Seasons without rainfall or snowfall are the best time to trek in Nepal .During monsoon or winter the trails in the mountains are blocked.For high altitude treks October to early December and March to May are the best time. At lower atitudes like Jomsom , treks can be organised even in December. For regions further lower like Poon hill or Panchase treks can be organised all through the winter . However in rain shadow zones like Mustang and Dolpo treks can be organised even during summer .These areas experience very little rainfall in summer and it is warmer that time of the year. The barren, alpine measows turn into green carpet of grasses and bloom with varities of alpine flowers.

Trekking styles (Tea house or Camping trek)

In popular trekking routes like Annapurna , Langtang and Everest we find Lodges at frequent stops where we can stop for lunches or overnight stay.
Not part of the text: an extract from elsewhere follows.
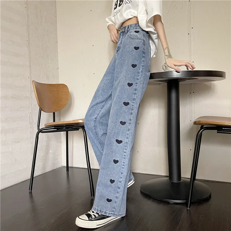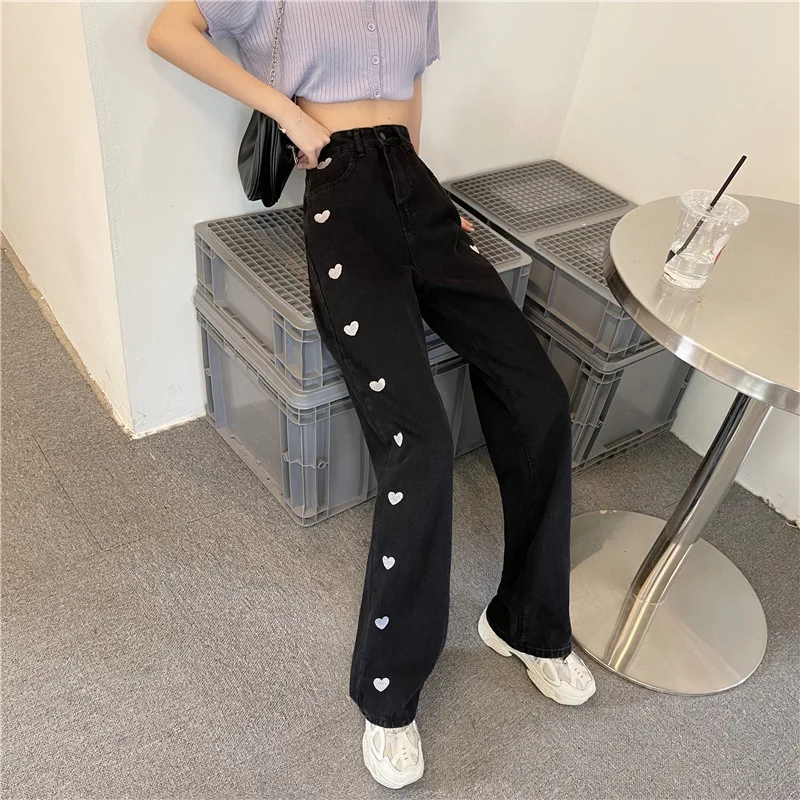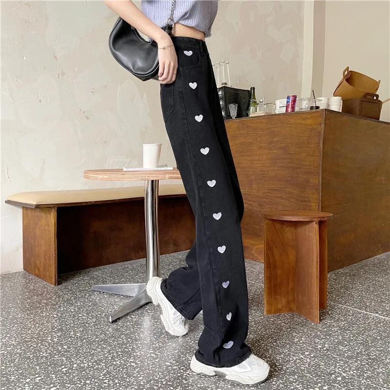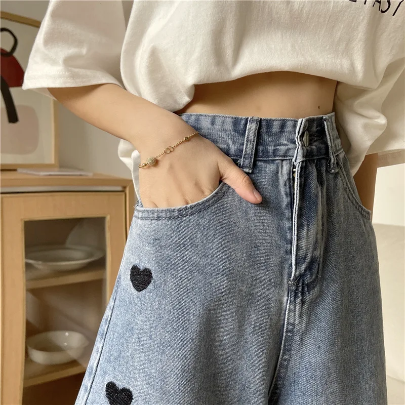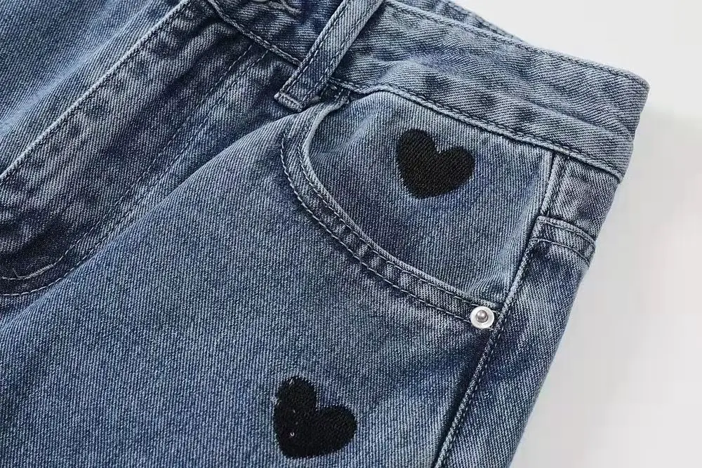 Свободные и удобные прямые джинсы в стилеПриталенный крой, трехмерный дизайн талии, удобный и естественныйЛегко носить без выбора типа тела для модного образаКлючевой дизайн-вышитое сердце сбоку!Переплетенный цвет желтого и синего действительно-абсолютно ~ любовь или что-то слишком привлекательное ~Сказочные джинсы, которые абсолютно не теряют денег ~

A trekking tour using these mountain lodges for food and sleeping is called a tea house trekking in Nepal.Before tourism was introduced , these places used to have small huts selling tea and light snacks to villagers and pilgrims travelling form one place to another , hence the name "tea house."Today , these tea houses cater to international trekkers, they can cook continental and other foods and provide comfortable rooms.Usually they cook to your order. Instead, if we do not use these facilities but go for a fully supported trek with our own cook, guide, and camping equipments , that is called camping or organised trek.A camping trek costs more than a lodge to lodge trek but the experience is more authentic and rewarding.We run both type of treks but we run camping treks more.

A typical day on the trekking trail

A typical trekking day starts at around 6 am with a cup of tea or coffee at your tent. Washing your face with warm water you will be prepared for breakfast at around 7-7.30.The trek starts at around 8 am after the breakfast. You walk on your own pace , stopping for photographs or enjoying the scenery. After about 3 hours we stop for lunch prepared by our camp cook.The cooking team moves ahead of the group. The lunch lasts for one and half half hour and there will be another session of walking for next 3 to 4 hours before we reach our campsite. While you will rest , our trekking crew will fix the tent for you, the cooking team will offer you tea/coffee, and prepare the hot dinner for you.You will have very friendly and enjoyable dinner time unde clear blue sky in Himalayan solitude.During the day, you just carry your light day pack with things that you may need during the day, rest will be carried by yaks, mules or our porters.

Clothing and equipments

The list below is for your general idea, a reminder incase you forget important items . The list differs from treks to treks , more items for higher altitude and lesser for lower altitude . Even for the same trek personal requirements may vary. For shorter , lower altitude treks you can buy or hire almost everything at reasonnable price in Kathmandu. However for high altitude treks you better bring the basics fom your own country - good down jacket, fleece jacket, good trainer and hiking boot , windproof/water proof outer garment , head torch, thermal underwear and at least six pairs of warm socks from your own country, as local makes may not be very reliable.

For Head  
Cap for day trek
Fleece cap for night
sunscreen lotion/sun balm

For Body
Long sleeved shirts
Fleece or thermal shirts for colder areas
Fleece jumper/sweaters
Down jacket
Wind /water proof outer garment

For leg and hand
Casual troussers for walking
Water proof trouser
Thermal legging for colder areas
Hand gloves


 For foot
Woolen and cotton socks
Trainer or casual shoes
Waterproof hiking boot
Gaiter for rain and snow
Rucksack /duffel bags
Day pack
 Personal medicines
water bottle and iodine tablets
Head torch
 Film rolls and camera
Extra batteries for digital camera
Toiletries and towel
Large hankerchief

Optional items
compass , binoculars , altimeters
Playing cards , books, guide book
Some photographs of family

Trekking Permit:

Everest, Annapurna, Langtang and Rara regions do not require a trekking permit  but require a national park fee of respectively of  USD 31, 15 and 15 . However, these following special areas  do require a trekking permit:

The trekking permit / national park conservation fees are as follows for different regions .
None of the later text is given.